--- START ---
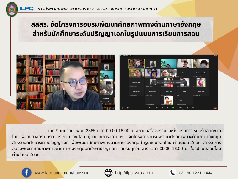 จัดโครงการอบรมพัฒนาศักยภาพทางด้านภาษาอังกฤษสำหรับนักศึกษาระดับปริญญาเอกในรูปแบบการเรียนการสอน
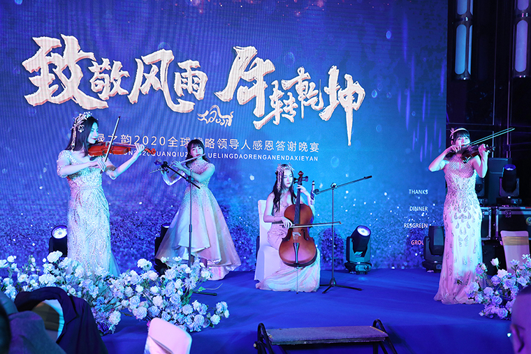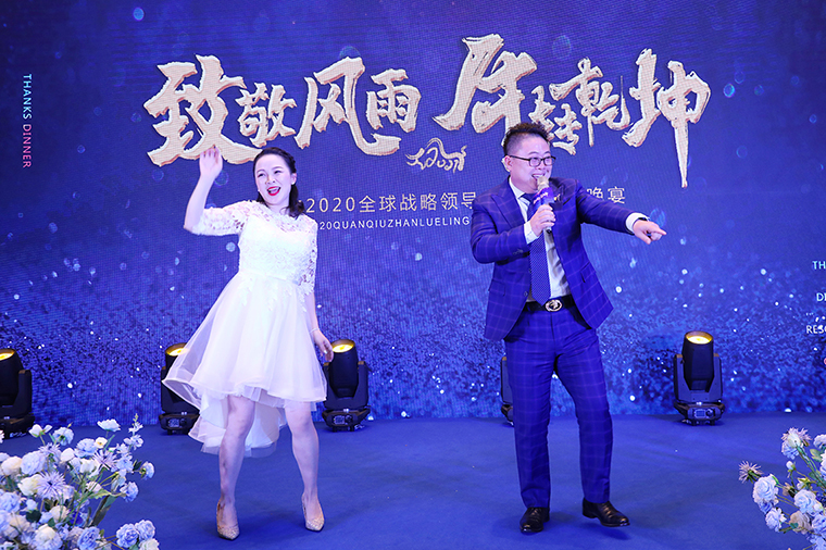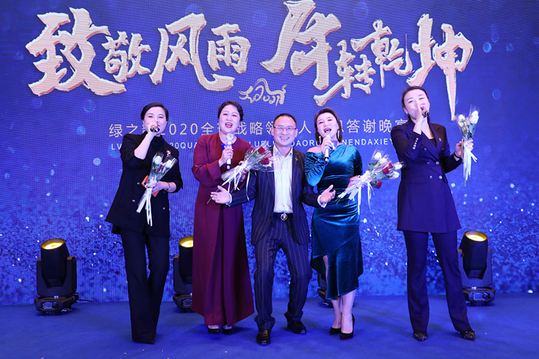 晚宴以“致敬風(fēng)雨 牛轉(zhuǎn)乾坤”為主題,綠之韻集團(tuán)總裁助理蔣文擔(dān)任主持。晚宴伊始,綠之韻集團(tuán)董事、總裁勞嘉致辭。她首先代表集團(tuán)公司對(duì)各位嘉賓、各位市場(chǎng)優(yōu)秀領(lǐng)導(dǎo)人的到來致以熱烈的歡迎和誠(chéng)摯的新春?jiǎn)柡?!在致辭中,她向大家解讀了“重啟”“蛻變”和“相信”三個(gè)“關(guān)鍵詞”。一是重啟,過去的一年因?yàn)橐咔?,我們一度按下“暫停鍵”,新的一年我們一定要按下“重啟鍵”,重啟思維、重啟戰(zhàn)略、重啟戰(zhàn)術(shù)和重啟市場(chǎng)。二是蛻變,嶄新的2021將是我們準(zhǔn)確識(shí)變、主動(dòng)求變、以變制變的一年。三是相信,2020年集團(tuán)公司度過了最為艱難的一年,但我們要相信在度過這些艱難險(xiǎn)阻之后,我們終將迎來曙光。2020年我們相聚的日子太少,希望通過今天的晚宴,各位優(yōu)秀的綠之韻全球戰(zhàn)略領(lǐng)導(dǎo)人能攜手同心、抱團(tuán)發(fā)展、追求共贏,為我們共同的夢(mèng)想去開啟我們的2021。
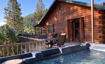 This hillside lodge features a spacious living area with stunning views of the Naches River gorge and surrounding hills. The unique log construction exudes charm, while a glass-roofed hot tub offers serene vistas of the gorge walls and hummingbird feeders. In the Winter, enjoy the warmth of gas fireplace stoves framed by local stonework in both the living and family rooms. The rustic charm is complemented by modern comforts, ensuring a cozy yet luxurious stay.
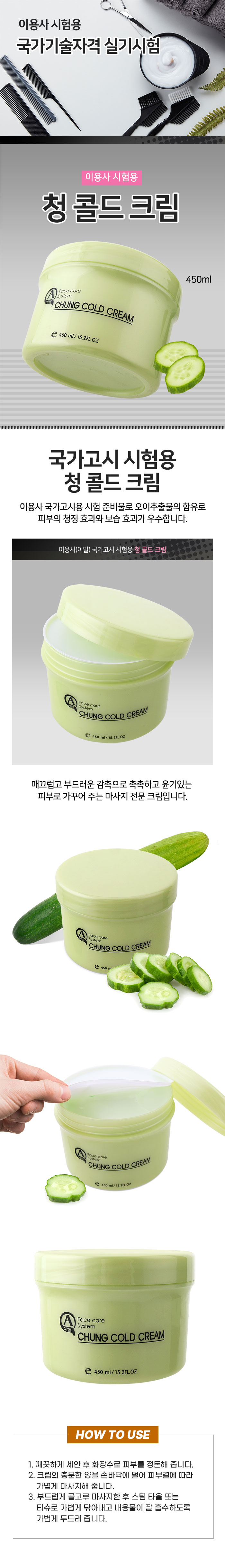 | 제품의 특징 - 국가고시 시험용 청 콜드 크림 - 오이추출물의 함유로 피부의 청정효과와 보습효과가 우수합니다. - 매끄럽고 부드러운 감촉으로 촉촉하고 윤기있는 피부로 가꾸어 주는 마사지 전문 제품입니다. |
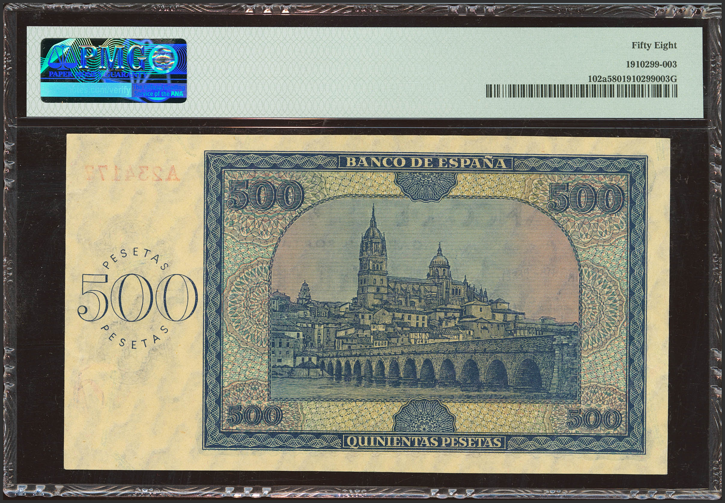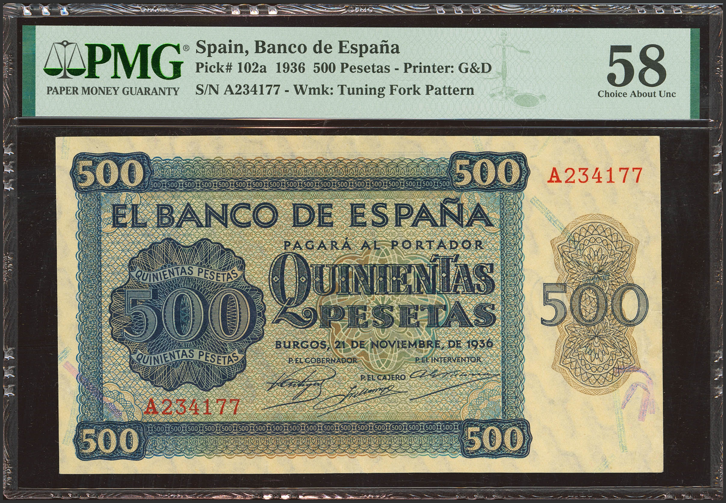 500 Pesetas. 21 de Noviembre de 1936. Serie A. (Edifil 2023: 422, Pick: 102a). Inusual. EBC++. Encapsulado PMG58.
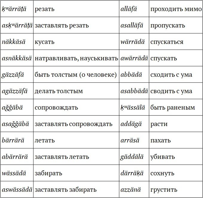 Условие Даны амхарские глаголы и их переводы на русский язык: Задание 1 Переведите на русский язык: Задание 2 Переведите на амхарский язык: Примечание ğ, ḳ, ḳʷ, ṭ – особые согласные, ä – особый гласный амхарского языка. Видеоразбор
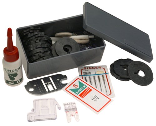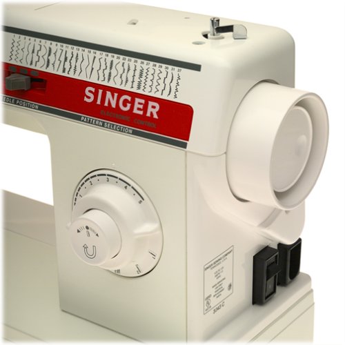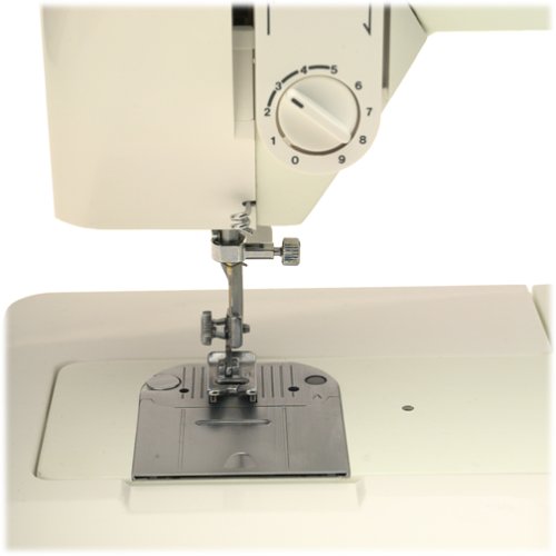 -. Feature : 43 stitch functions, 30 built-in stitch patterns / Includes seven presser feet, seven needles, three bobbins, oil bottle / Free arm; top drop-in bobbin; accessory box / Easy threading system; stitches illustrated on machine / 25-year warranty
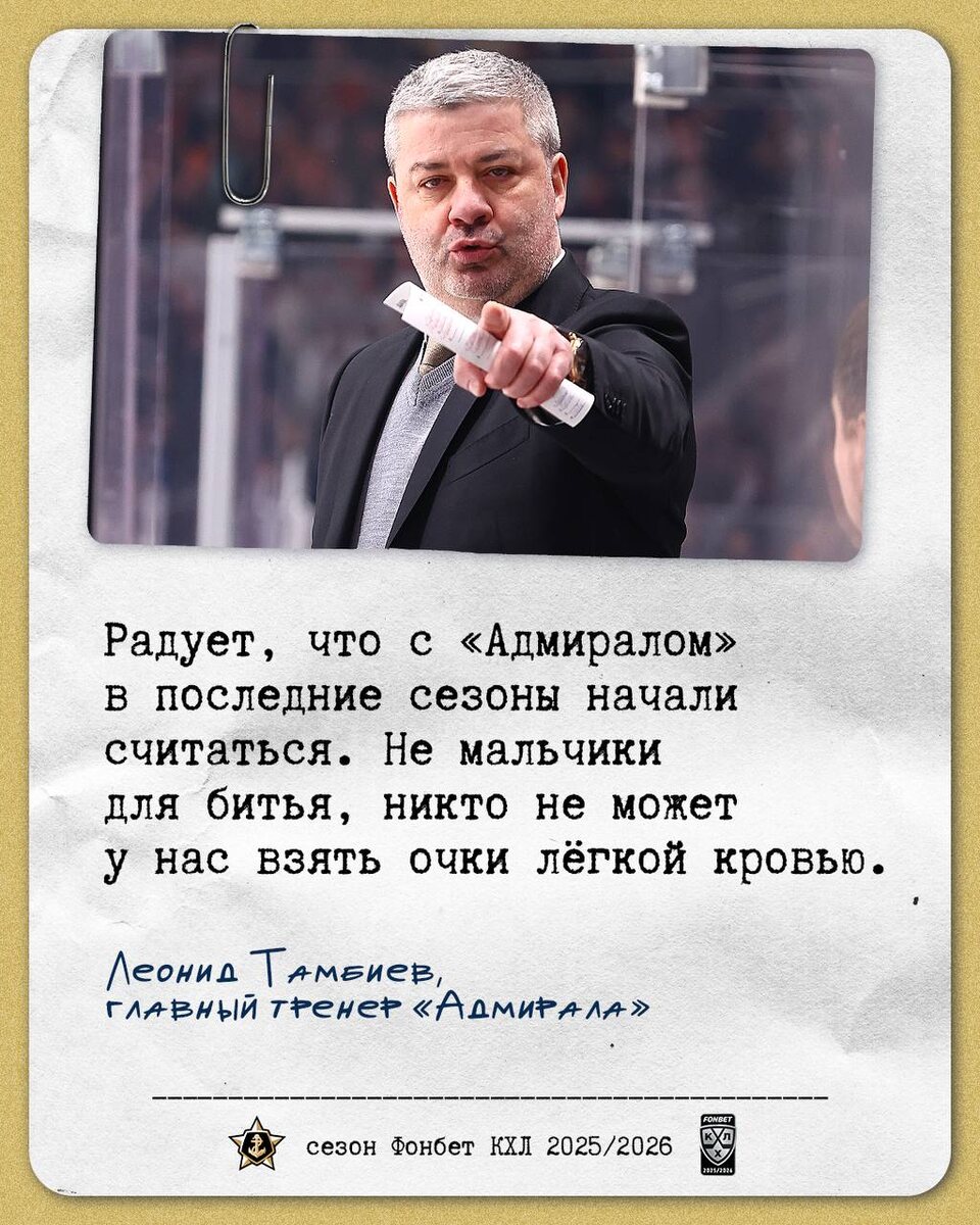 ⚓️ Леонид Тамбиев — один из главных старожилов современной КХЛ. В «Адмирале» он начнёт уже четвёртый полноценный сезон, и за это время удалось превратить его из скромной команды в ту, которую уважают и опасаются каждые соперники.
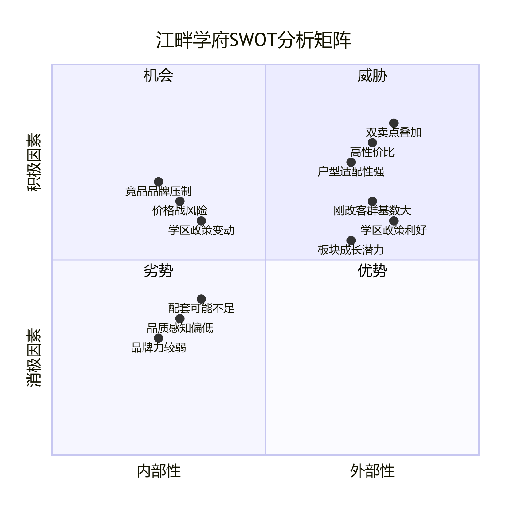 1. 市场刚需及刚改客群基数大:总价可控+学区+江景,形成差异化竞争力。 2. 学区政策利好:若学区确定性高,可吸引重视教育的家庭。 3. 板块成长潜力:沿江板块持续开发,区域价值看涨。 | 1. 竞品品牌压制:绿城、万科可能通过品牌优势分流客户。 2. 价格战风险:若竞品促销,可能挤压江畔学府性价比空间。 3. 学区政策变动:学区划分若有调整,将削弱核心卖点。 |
--- END ---
● **What you need to do**: The answer should contain nothing but the lines from the top of the data above through the line containing "500 Pesetas. 21", copied exactly, with no images.

● **Response**:
 จัดโครงการอบรมพัฒนาศักยภาพทางด้านภาษาอังกฤษสำหรับนักศึกษาระดับปริญญาเอกในรูปแบบการเรียนการสอน
 晚宴以“致敬風(fēng)雨 牛轉(zhuǎn)乾坤”為主題,綠之韻集團(tuán)總裁助理蔣文擔(dān)任主持。晚宴伊始,綠之韻集團(tuán)董事、總裁勞嘉致辭。她首先代表集團(tuán)公司對(duì)各位嘉賓、各位市場(chǎng)優(yōu)秀領(lǐng)導(dǎo)人的到來致以熱烈的歡迎和誠(chéng)摯的新春?jiǎn)柡?!在致辭中,她向大家解讀了“重啟”“蛻變”和“相信”三個(gè)“關(guān)鍵詞”。一是重啟,過去的一年因?yàn)橐咔?,我們一度按下“暫停鍵”,新的一年我們一定要按下“重啟鍵”,重啟思維、重啟戰(zhàn)略、重啟戰(zhàn)術(shù)和重啟市場(chǎng)。二是蛻變,嶄新的2021將是我們準(zhǔn)確識(shí)變、主動(dòng)求變、以變制變的一年。三是相信,2020年集團(tuán)公司度過了最為艱難的一年,但我們要相信在度過這些艱難險(xiǎn)阻之后,我們終將迎來曙光。2020年我們相聚的日子太少,希望通過今天的晚宴,各位優(yōu)秀的綠之韻全球戰(zhàn)略領(lǐng)導(dǎo)人能攜手同心、抱團(tuán)發(fā)展、追求共贏,為我們共同的夢(mèng)想去開啟我們的2021。
 This hillside lodge features a spacious living area with stunning views of the Naches River gorge and surrounding hills. The unique log construction exudes charm, while a glass-roofed hot tub offers serene vistas of the gorge walls and hummingbird feeders. In the Winter, enjoy the warmth of gas fireplace stoves framed by local stonework in both the living and family rooms. The rustic charm is complemented by modern comforts, ensuring a cozy yet luxurious stay.
 | 제품의 특징 - 국가고시 시험용 청 콜드 크림 - 오이추출물의 함유로 피부의 청정효과와 보습효과가 우수합니다. - 매끄럽고 부드러운 감촉으로 촉촉하고 윤기있는 피부로 가꾸어 주는 마사지 전문 제품입니다. |
 500 Pesetas. 21 de Noviembre de 1936. Serie A. (Edifil 2023: 422, Pick: 102a). Inusual. EBC++. Encapsulado PMG58.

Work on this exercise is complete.